“Wine-contamination” of the Adriatic: Examples of punishing wine smugglers from medieval Dubrovnik
By Gordan Ravančić
Acta Histriae, Vol.22:4 (2014)
Abstract: Strict import-export regulations of the medieval Dubrovnik (Ragusean) authorities included also a rather rigid control of the wine trade. Namely, since wine was considered as important nutrition sustenance, these regulations included not only wine import from foreign countries, but also control over the inner trade within the borders of Dubrovnik district (later The Republic of Dubrovnik). Each violation of these regulations was followed by high fines and shedding of the smuggled wine to the sea. However, during the 14th century these regulations had softened and spilling of the wine was substituted with some other forms of punishment.
Introduction: Questions and problems regarding medieval wine-trade on Mediterranean are rather well elaborated in the existing historiography. Undoubtedly wine was quite an important commodity and – as far as regarding Mediterranean – it was not luxurious merchandise. Its importance was tightly connected with the fact that wine, and its production, were one of the foundations/basis of the daily life in the Mediterranean basin.

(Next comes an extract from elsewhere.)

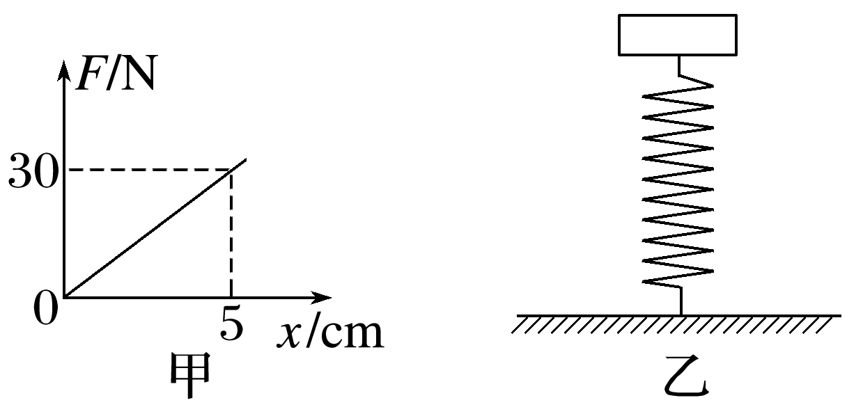 (多选)一轻质弹簧的弹力与弹簧形变量之间的关系如图甲所示。将该弹簧下端固定在水平地面上,一质量为1.8 kg的物体在外力作用下缓慢放在竖直弹簧的上端,待物体稳定后撤去外力,物体静止在弹簧上端,弹簧处在弹性限度内,如图乙所示,取重力加速度大小g=10 m/s2,则下列说法正确的是( )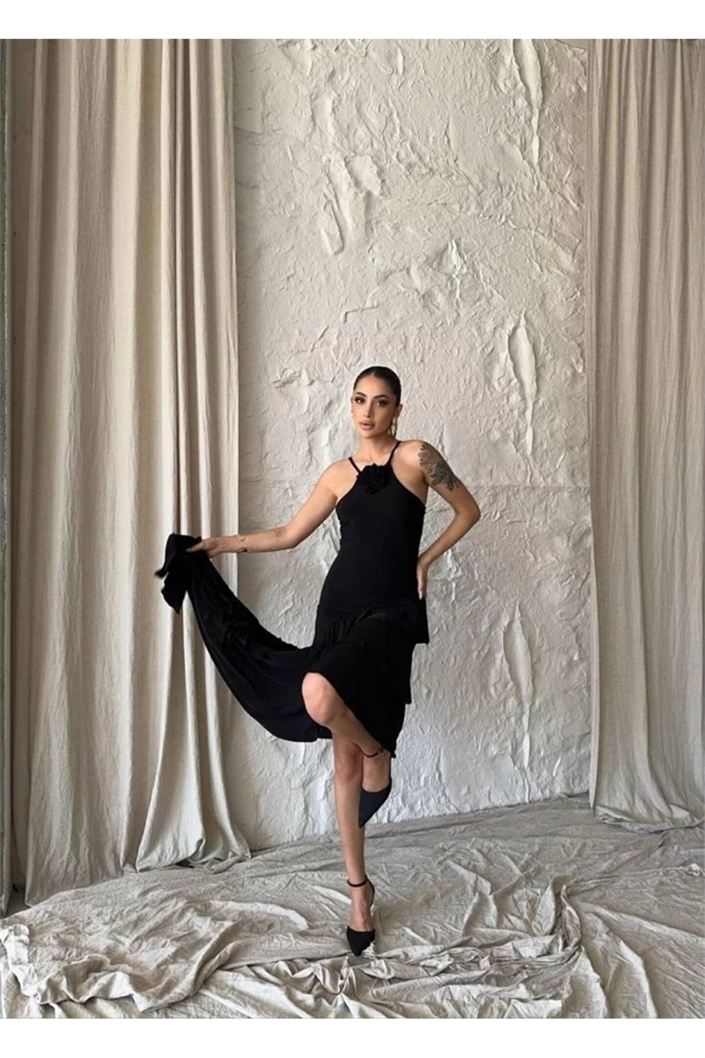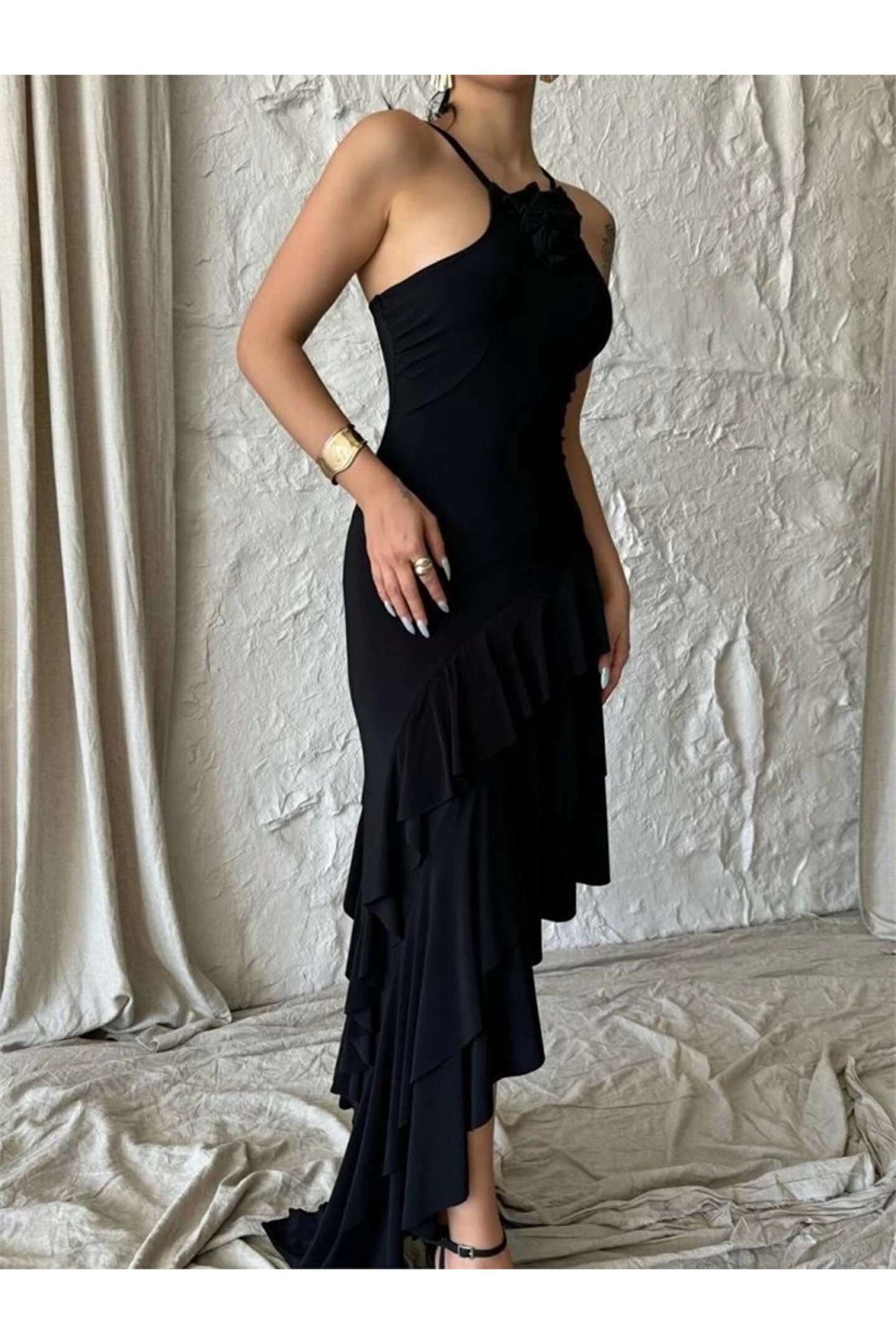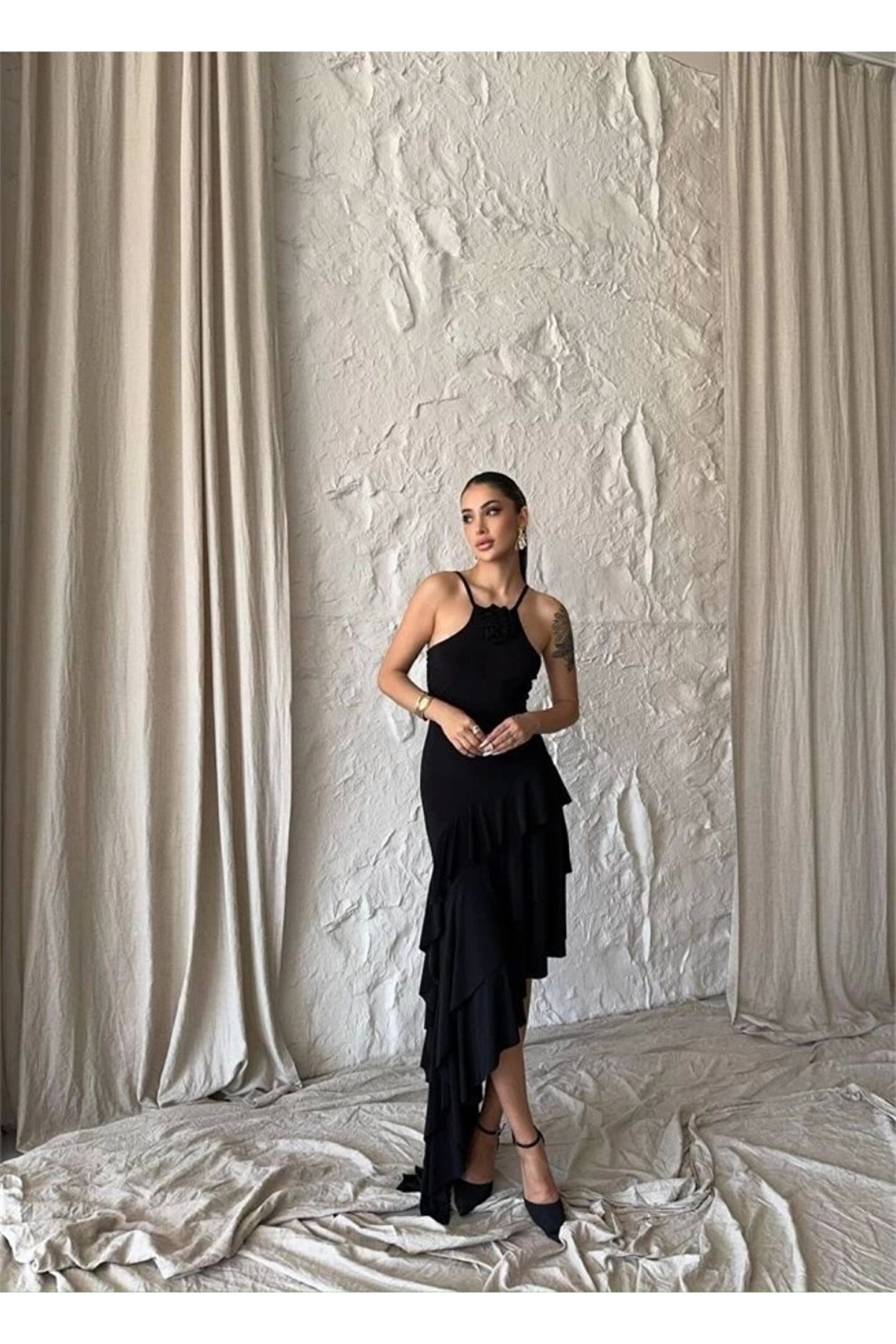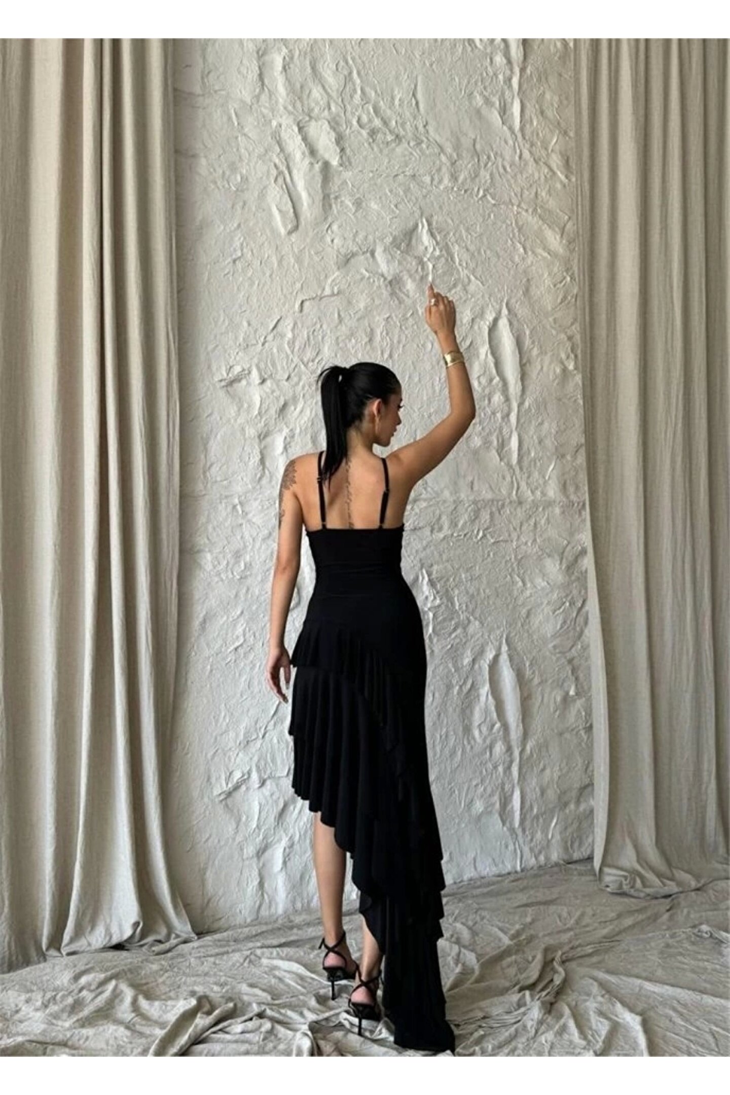 GÜLLÜ ELBİSE ASİMETRİK KATLI - Siyah

Pre-modern Dubrovnik in any sense was a part of this pre-modern Mediterranean world, and thus in medieval Dubrovnik situation regarding wine and its daily usage was not different than in any other pre-modern (medieval) city on the Adriatic coast. Wine, its production and trade was an important part of Dubrovnik’s economy which is quite obvious even from Dubrovnik’s medieval statutes, since there are 26 ordinances regarding the treatment of grapes and vine, 9 ordinances regarding vintage, and 20 ordinances regarding wine-trade. In comparison to some other medieval cities on the eastern Adriatic coast like Split and Trogir which had far less ordinances regarding the wine-trade, one has to note that Dubrovnik authorities obviously considered wine and grapes very important for their city.
Moreover, as Major Council of Dubrovnik explicitly stated in one of their conclusions in 1415 wine was considered as one of the first and most necessary things for the health of the human body (“vna de principalioribus et neccesarioribus rebus requisitis sanitati corporum humanorum”). Such a statement reveals the fact that wine in medieval Dubrovnik was considered not only as food trading commodity but primarily as foodstuff with valuable nutritional sustenance. Such an opinion can be corroborated with many examples where wine was given as addition meal to the laborers who worked at communal (public) edifices. Still, the fact that wine contains alcohol could cause in daily life many “problems”, since extensive drinking could lead to alcoholism and possibly to violence.
By the same token, wine and its usage left some trace in Dubrovnik’s contemporary literature. Namely, famous tradesman and author of merchants’ manual Benedetto Cotrugli in his study Della mercatura e del mercante perfetto wrote also about wine and its value in business and daily life. He states that any respectable merchant should have own vineyard and wine cellar, but also that one should be careful with wine consumption since love towards wine drinking could damage his business. Moreover, Cotrugli reveals that extensive drinking can cause spiritual lethargy, impotence and various other diseases.